* _Exercise directions_
Leaving out the pictures, return word for word the stretch of entries below from the line holding "9月30日,重慶西亞鋁業(y" through the line holding "The usability studies".

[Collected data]
------------------------------
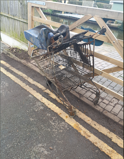 Reports to the Council I came across this shopping trolley on Earls Rd - I reported it to the Council and I have received an update that it has been removed.
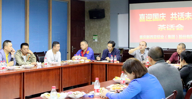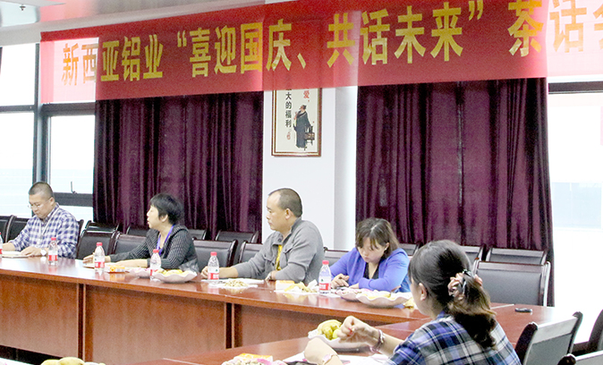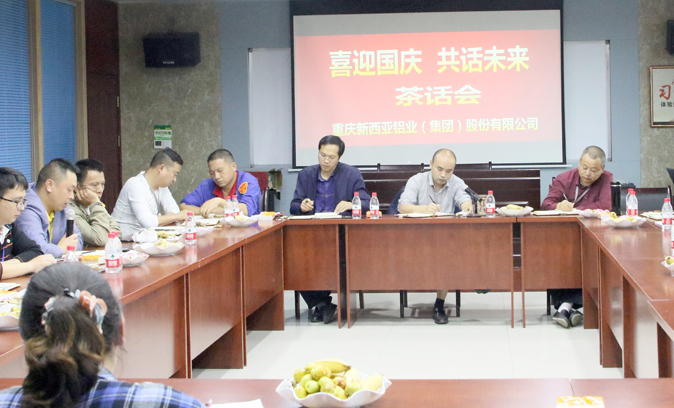 9月30日,重慶西亞鋁業(yè)集團(tuán)公司在三樓會(huì)議室舉行了“喜迎國慶,共話未來”茶話會(huì)。公司董事長兼總經(jīng)理劉斌,副總經(jīng)理傅明華、周雄及各部門負(fù)責(zé)人、部分主管28人,齊聚一堂,共話新西亞美好未來。
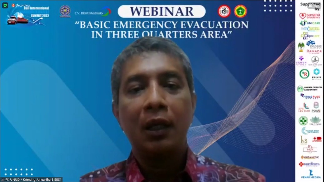 Dekan FK Unud, Dr. dr. Komang Januartha Putra Pinatih, M.Kes., dalam sambutannya menyampaikan sangat mengapresiasi kegiatan yang diselenggarakan oleh BBM Medindo ini dalam rangka mendukung dan menyukseskan acara G20 dengan memberikan ilmu mengenai kasus evakuasi darurat di darat, air dan udara.
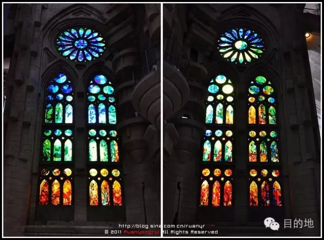 ▲教堂所有的窗子都沿用了传统哥特式建筑的花窗玻璃,这些窗子既高又大,几乎承担起了墙体的功能
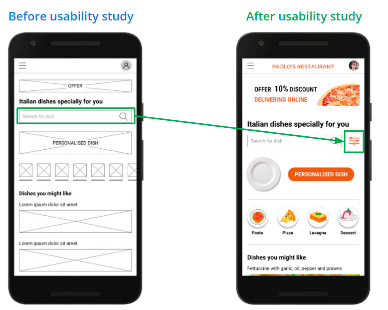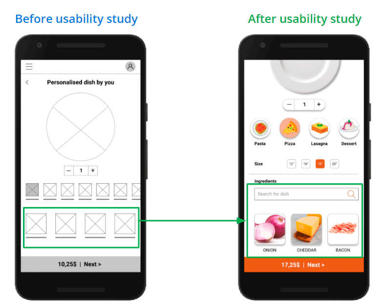 The usability studies made me realise that the way of filtering and finding dishes during the navigation and also with the ingredients during the process of creating the personalised dish had to be improved.
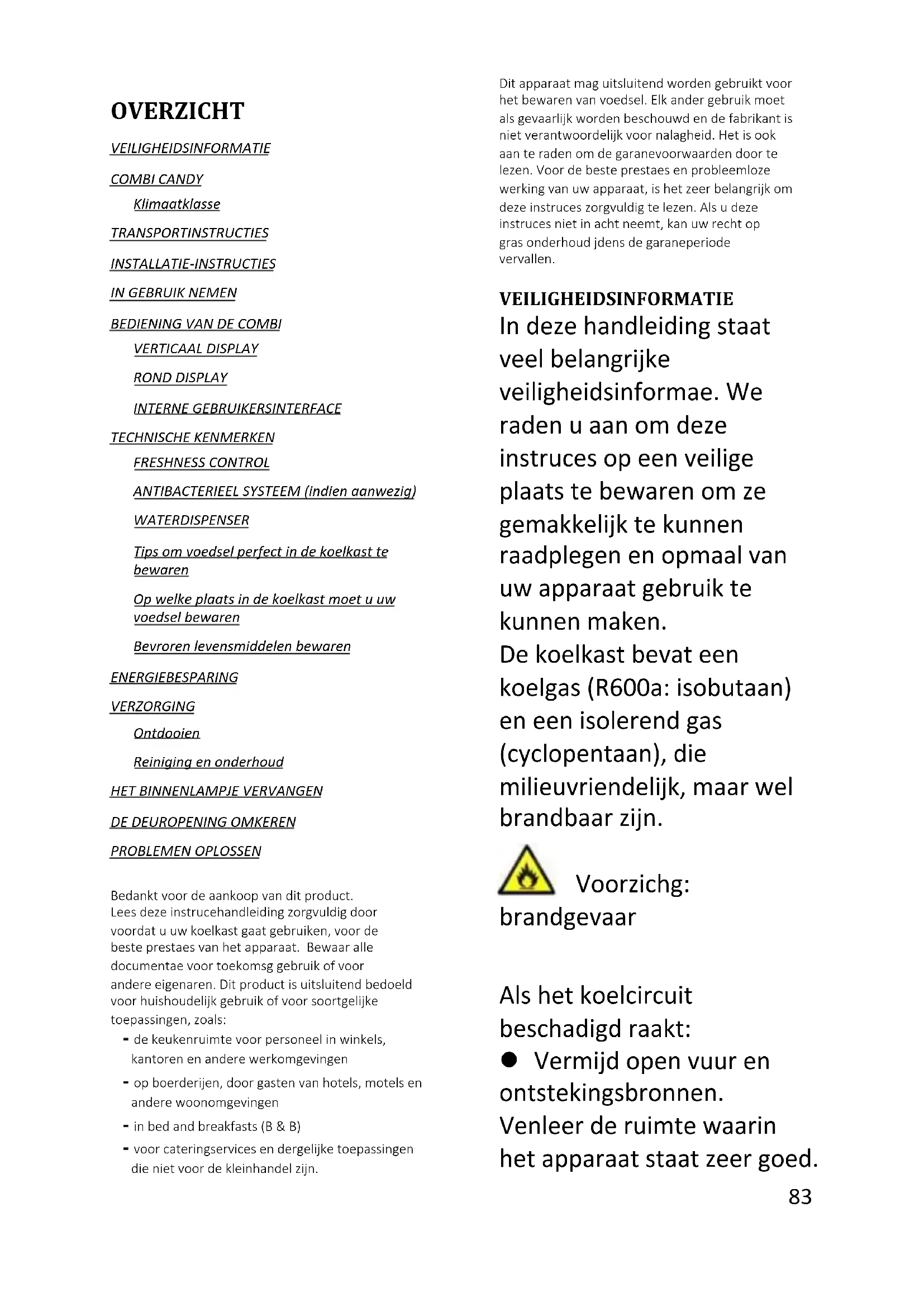 Conformidade Ao colocar a marca neste produto, estamos a confirmar a conformidade com todos os requisitos de segurança, saúde e ambiente relevantes que são aplicáveis na legislação sobre este produto.83 Nederlands OVERZICHT VEILIGHEIDSINFORMATIE COMBI CANDY Klimaatklasse TRANSPORTINSTRUCTIES INSTALLATIE-INSTRUCTIES IN GEBRUIK NEMEN BEDIENING VAN DE COMBI VERTICAAL DISPLAY ROND DISPLAY INTERNE GEBRUIKERSINTERFACE TECHNISCHE KENMERKEN FRESHNESS CONTROL ANTIBACTERIEEL SYSTEEM (indien aanwezig) WATERDISPENSER Tips om voedsel perfect in de koelkast te bewaren Op welke plaats in de koelkast moet u uw voedsel bewaren Bevroren levensmiddelen bewaren ENERGIEBESPARING VERZORGING Ontdooien Reiniging en onderhoud HET BINNENLAMPJE VERVANGEN DE DEUROPENING OMKEREN PROBLEMEN OPLOSSEN Bedankt voor de aankoop van dit product. Lees deze instructiehandleiding zorgvuldig door voordat u uw koelkast gaat gebruiken, voor de beste prestaties van het apparaat. Bewaar alle documentatie voor toekomstig gebruik of voor andere eigenaren. Dit product is uitsluitend bedoeld voor huishoudelijk gebruik of voor soortgelijke toepassingen, zoals: - de keukenruimte voor personeel in winkels, kantoren en andere werkomgevingen - op boerderijen, door gasten van hotels, motels en andere woonomgevingen - in bed and breakfasts (B & B) - voor cateringservices en dergelijke toepassingen die niet voor de kleinhandel zijn. Dit apparaat mag uitsluitend worden gebruikt voor het bewaren van voedsel. Elk ander gebruik moet als gevaarlijk worden beschouwd en de fabrikant is niet verantwoordelijk voor nalatigheid. Het is ook aan te raden om de garantievoorwaarden door te lezen. Voor de beste prestaties en probleemloze werking van uw apparaat, is het zeer belangrijk om deze instructies zorgvuldig te lezen. Als u deze instructies niet in acht neemt, kan uw recht op gratis onderhoud tijdens de garantieperiode vervallen. VEILIGHEIDSINFORMATIE In deze handleiding staat veel belangrijke veiligheidsinformatie. We raden u aan om deze instructies op een veilige plaats te bewaren om ze gemakkelijk te kunnen raadplegen en optimaal van uw apparaat gebruik te kunnen maken. De koelkast bevat een koelgas (R600a: isobutaan) en een isolerend gas (cyclopentaan), die milieuvriendelijk, maar wel brandbaar zijn. Voorzichtig: brandgevaar Als het koelcircuit beschadigd raakt: Vermijd open vuur en ontstekingsbronnen. Ventileer de ruimte waarin het apparaat staat zeer goed.84
------------------------------
* _Output of the task_
 9月30日,重慶西亞鋁業(yè)集團(tuán)公司在三樓會(huì)議室舉行了“喜迎國慶,共話未來”茶話會(huì)。公司董事長兼總經(jīng)理劉斌,副總經(jīng)理傅明華、周雄及各部門負(fù)責(zé)人、部分主管28人,齊聚一堂,共話新西亞美好未來。
 Dekan FK Unud, Dr. dr. Komang Januartha Putra Pinatih, M.Kes., dalam sambutannya menyampaikan sangat mengapresiasi kegiatan yang diselenggarakan oleh BBM Medindo ini dalam rangka mendukung dan menyukseskan acara G20 dengan memberikan ilmu mengenai kasus evakuasi darurat di darat, air dan udara.
 ▲教堂所有的窗子都沿用了传统哥特式建筑的花窗玻璃,这些窗子既高又大,几乎承担起了墙体的功能
 The usability studies made me realise that the way of filtering and finding dishes during the navigation and also with the ingredients during the process of creating the personalised dish had to be improved.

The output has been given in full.